In this section, we discuss how we can leverage the sparsity of the Hamiltonian to optimize the construction of the Hamiltonian matrix. To this end, consider the \(1d\) long-range XY model:

\[ H = -J \sum_{i < j} J_{i,j} \left( S_i^x S_j^x + S_i^y S_j^y \right) = -\frac{J}{2} \sum_{i < j} J_{i,j} \left( S_i^+ S_j^- + S_i^- S_j^+ \right) \]

For our ED calculator, to be able to compute the superfluid density, we also consider a boundary phase twist. This yields the following Hamiltonian:

\[ H = -\frac{J}{2} \sum_{i=1}^{N} \sum_{r=1}^{(N-1)/2} J_{i,j} \left( e^{r \theta} S_i^+ S_{i+r}^- + e^{-r \theta} S_i^- S_{i+r}^+ \right) \]

Here, we have restricted ourselves to the case of odd \(N\) for simplicity. The case for even \(N\) can be constructed analogously. Moreover, the above form can be obtained for open as well as periodic boundaries in the presence of long range interactions. However, a boundary phase twist would not necessarily be well-defined with open boundaries in the context of superfluidity.

Note that the dimensions of the associated matrix are \(2^N \times 2^N\). However, for a given product state (row of the matrix) in the \(S_z\) basis (which is the representation we will use), only \(\mathcal{O}(N^2)\) terms have a non-zero overlap. We can use this to prevent iterating over \(2^N\) bitstrings twice (once for columns and once for rows, as would be required for a dense matrix).

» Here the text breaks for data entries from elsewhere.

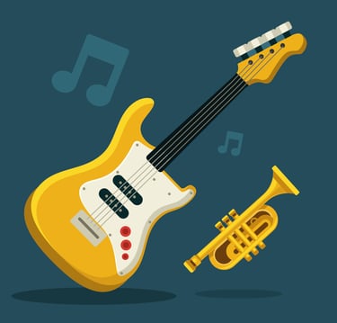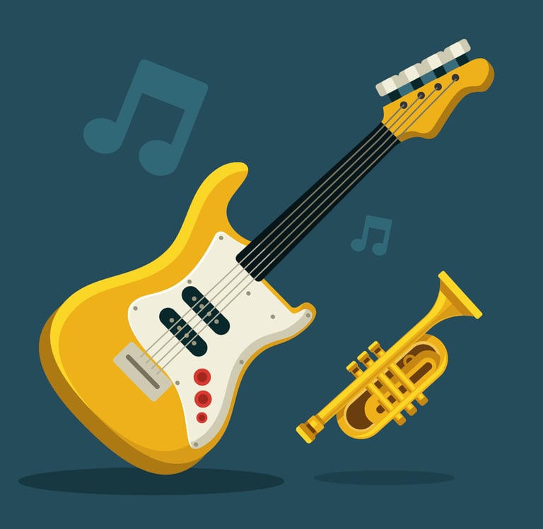 Guitarras, bajos y pianos ilustrados con detalle y humor. Una colección musical que inspira creatividad y ritmo en cada página.
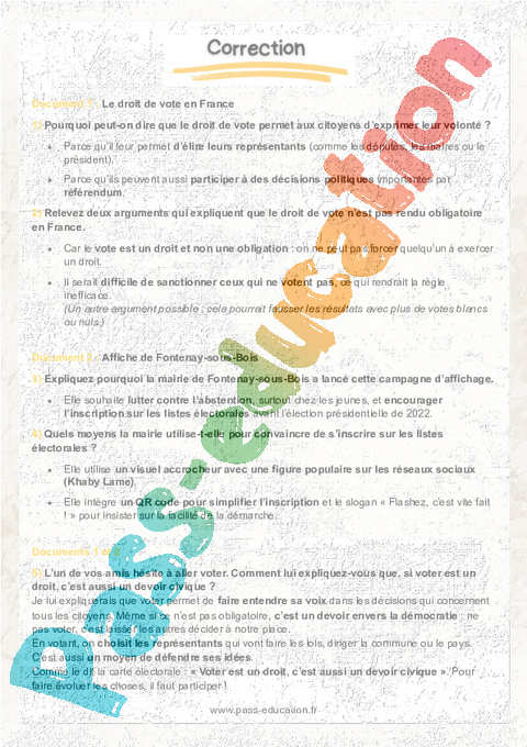 1) Pourquoi peut-on dire que le droit de vote permet aux citoyens d’exprimer leur volonté ? Deux éléments de réponse sont attendus.
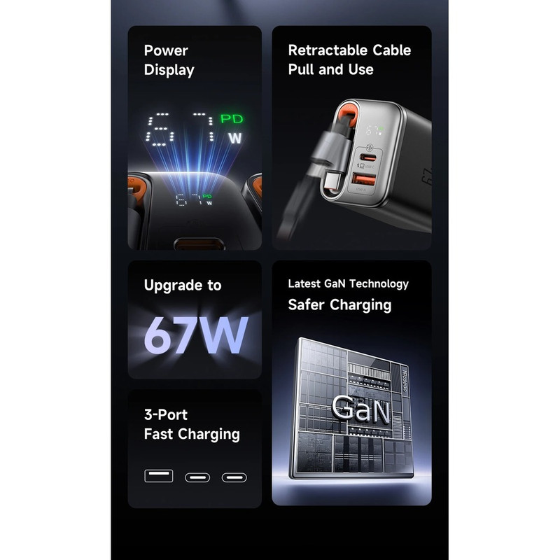 Mcdodo CH-4100 67W Adapter with Built-in USB-C Cable
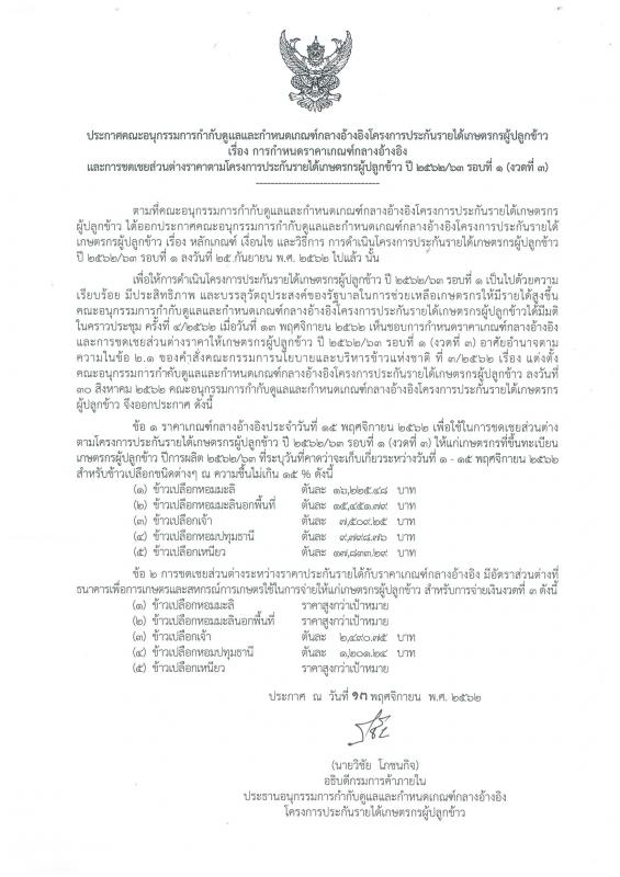 ประกาศคณะอนุกรรมการกำกับดูแลและกำหนดเกณฑ์กลางอ้างอิงโครงการประกันรายได้เกษตรกรผู้ปลูกข้าว เรื่องการกำหนดราคาเกณฑ์กลางอ้างอิงและการชดเชยส่วนต่างราคาตามโครงการประกันรายได้เกษตรกรผู้ปลูกข้าว ปี 2562/63 รอบที่ 1 (งวดที่ 2) และ (งวดที่ 3)
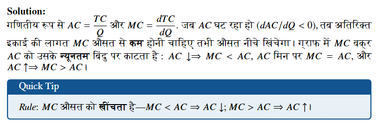 लाभ‑अधिकतम संतुलन के लिए आवश्यक (first‑order) शर्त \(MR=MC\) है। पर्याप्त (second‑order) शर्त—उस बिंदु पर \(MC\) बढ़ती (उर्ध्वमुख) हो, अर्थात \(MC\) वक्र \(MR\) को नीचे से काटे। केवल \(MR=MC\) कह देने से अधिकतम/न्यूनतम में भेद स्पष्ट नहीं होता। Quick Tip: Rule of thumb: \(MR=MC\) & \(dMC/dQ>0\) (या \(MC\) cuts \(MR\) from below) ⇒ स्थिर संतुलन।
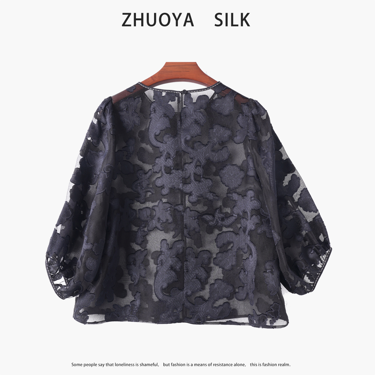 100%桑蚕丝欧根纱剪花绡上衣

In practice, this can be done by iterating over all the \(2^N\) columns (hence the exponential scaling with system size). Each column number \(k\) admits a binary representation with \(N\) bits. Therefore, we can identify \(k \rightarrow |\sigma_1,...,\sigma_N \rangle\). Then, because our off-diagonal terms correspond to flipping a pair of opposite spins, we only get a non-zero matrix element if the row \(l \rightarrow |\gamma_1,...,\gamma_N \rangle\) is such that \(\gamma_t = \sigma_t\) for all \(t \in \{1,...,N\}\) except for a single pair of indices, \(t_1, t_2 \in \{1,...,N\}\) with \(\sigma_{t_1} \neq \sigma_{t_2}\).

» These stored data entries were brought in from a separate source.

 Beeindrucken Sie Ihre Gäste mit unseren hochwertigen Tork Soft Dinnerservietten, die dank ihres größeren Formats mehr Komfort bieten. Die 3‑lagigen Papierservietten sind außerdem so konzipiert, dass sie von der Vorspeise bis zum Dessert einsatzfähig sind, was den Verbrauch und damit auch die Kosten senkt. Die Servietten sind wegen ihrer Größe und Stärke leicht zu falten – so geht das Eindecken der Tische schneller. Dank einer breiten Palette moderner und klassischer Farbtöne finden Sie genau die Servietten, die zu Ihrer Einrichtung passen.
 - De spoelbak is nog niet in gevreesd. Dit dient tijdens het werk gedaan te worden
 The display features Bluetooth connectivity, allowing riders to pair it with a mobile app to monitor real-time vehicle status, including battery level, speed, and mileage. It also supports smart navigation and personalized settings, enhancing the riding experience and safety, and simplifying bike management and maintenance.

To isolate all rows with a non-zero overlap, given a column, we can use bit-wise operations. We proceed by iterating over all sites \(i\) and all distances \(r\) in the lattice. This allows us to construct all pairs of sites \((i,j)\). Then, representing the column number \(k\) in binary, we can isolate the bits in \(k\) corresponding to sites \(i\) and \(j\) via a bitwise arithmetic shift to the right by \(i\) and \(j\) respectively. If the resulting bits \(\sigma_i, \sigma_j\) are opposite relative to one another, the XY term contributes a non-zero element. The following code block exhibits this construction:

σi = (k >> i) & 1
σj = (k >> j) & 1
mask = (σi == σj) ? 0 : 1
non_zero_element = -0.5 * J * mask * exp((σj - σi) * r * theta * 1im)

The first two lines in the above block isolate the bits \(\sigma_i, \sigma_j\) by performing a bitwise AND operation with \(1\) after the shift discussed above. The mask determines if the spins are flipped relative to each other. The row number associated with this matrix element can also be determined via bitwise operations similarly. Representing the column number \(k\) as a bitstring, the corresponding row number bitstring can be obtained by performing a bitwise XOR operation with the bitstrings \([2^i]\) and \([2^j]\). These strings have a \(1\) at location \(i\) and \(j\) respectively, and \(0\) at all other \(N-1\) locations. The row number \(b\) can be obtained in Julia via the following code using this approach:

b = k ⊻ 2^i ⊻ 2^j

The bitstring associated with \(b\) now is the same bitstring as \(k\) except for the \(i\) and \(j\) positions which are flipped relative to the bitstring corresponding to \(k\). To construct the diagonal entries, we can similarly use bitwise operations to map bits to the eigenvalues of \(S_z\). Since those are diagonal, no row index needs to be constructed to record those in the Hamiltonian. Diagonalization of the resulting Hamiltonian is done via the native LinearAlgebra library in Julia.